I have already sent all of my documentation of via email and my application is going through. Having spoke to the person who is the go between, they have told me that they are confident that my application will be accepted (MT Sgt). They only started back to work after Easter leave on Monday so I'm hopeful that I will get a reply within the next couple of weeks. Fingers crossed

Sent from my iPad using ExpatForum


----------



## Gemma&Robert

Hiya Chrisdawson26

Oh excellent your further ahead of it then we are lol. My husband is a Full screw in the artilllery 19REG, out of interest what REG are you in? and can I ask did you have to do a C.V along with the application and all the reports?


----------



## DPK

The Staffordshire Bull Terrier is a wonderful dog! I grew up with one and had worked in rescue for quite some time.

Originally bred to look after children and christened "The Nanny Dog".

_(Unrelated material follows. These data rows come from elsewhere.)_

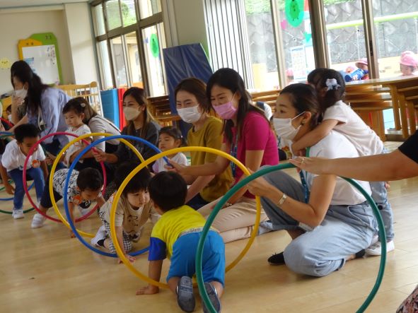幼稚園の花壇や周囲にあるキンモクセイが甘い香りを漂わせ、秋本番の陽気となってきました。子ども達は朝から元気いっぱいに過ごし、様々な活動に意欲的に取り組んでいます。子ども達は最適な環境により素晴らしい可能性を伸ばしていきます。運動会の練習にもキラキラかがやきながら、楽しく取り組んでいます。またひよこ教室のお友達も2学期に入り、遊びの楽しさも実感し、毎週元気に通っています。本日のひよこたいそうコースでは、フープを使った様々な運動遊びをしていました。親子一緒に遊ぶことのメリットを生かし、とても楽しい時間となっています。
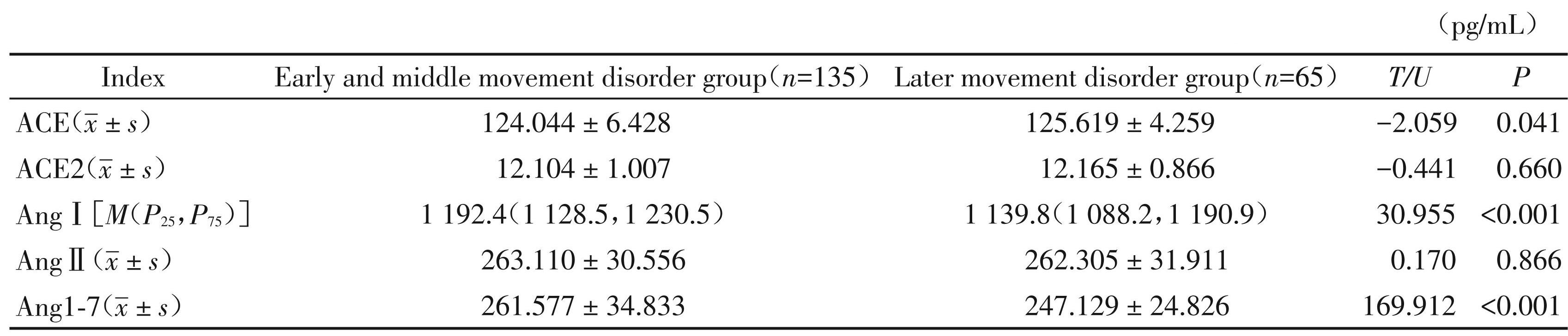 本研究的创新之处在于论证了 Ang 及 ACE 在 PD认知障碍和运动障碍患者中的表达差异及相互作用。然而,本研究仍存在以下不足:①本研究中纳入的样本量相对较少,后续研究可以通过纳入更多病例来论证本研究的结果;②作为神经退行性疾病,年龄是PD最重要的因素,同一年龄PD患者发病时间可能不一样,本研究未将发病时间作为协变量纳入分析可能导致相应的偏倚;③本研究未深入探讨RAS相关指标之间可能存在的相互作用,可能会放大或者缩小某些分子的效应。
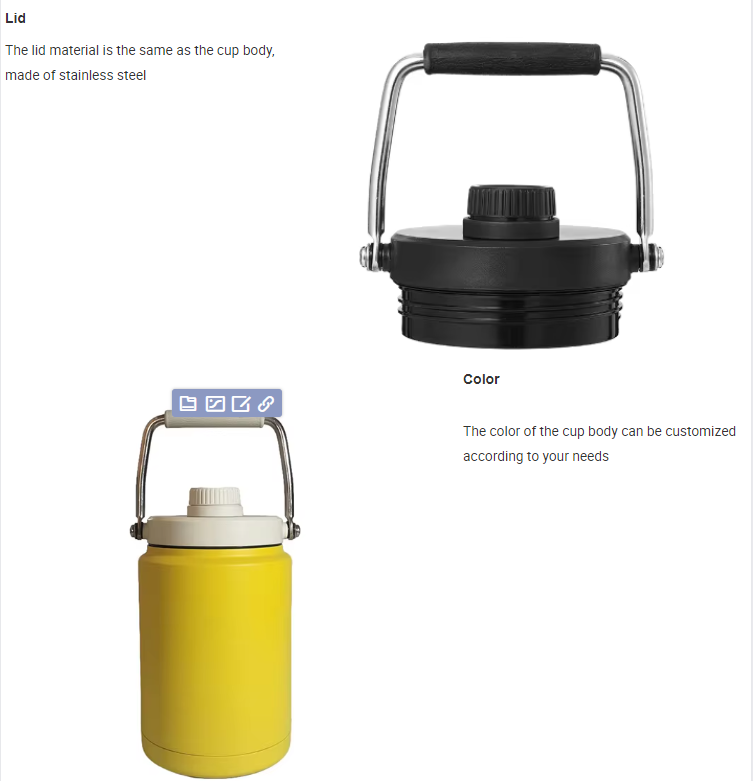 The cup has a capacity of 128OZ and adopts spray coating technology with gradient colors. The lid is a steel handle lid, and different lids can be selected for matching.

Sadly the staffy has been bred to larger breeds, to increase size, but these x's are still labeled "Staffy" which is not correct.

The popular press unfortunately has also chosen to demonise the staffy, but every picture they show is of a x breed.

The pure Staffordshire Bull Terrier is not on any prohibited lists.


----------



## Chrisdawson26

Yes I submitted a covering letter and CV along with all the documents you have mentioned b4 but if its only the EOI then that was just the covering letter and CV. Just make sure that once you get all your docs together there stamped and signed, certified true copy or words to that effect. It also needs to be a Maj or above. I'm with 3 MERCIAN in Fally. I do know a couple of blokes who are out from 19regt Neil Cooke and dick Brian.

Sent from my iPad using ExpatForum


----------



## Bc-kiwi

You will have no problems taking your staffy with you. We are moving from Canada with ours and the only problem we have had is that some airlines will not carry snub nose dogs due to breathing issues. Air New Zealand will take them, though not sure of others. We are using a pet transporter service due to all the paper wok involved but others have done it themselves either way not cheap, costing us around US$5000 but he is one of the family. Good luck with your move

Blair


----------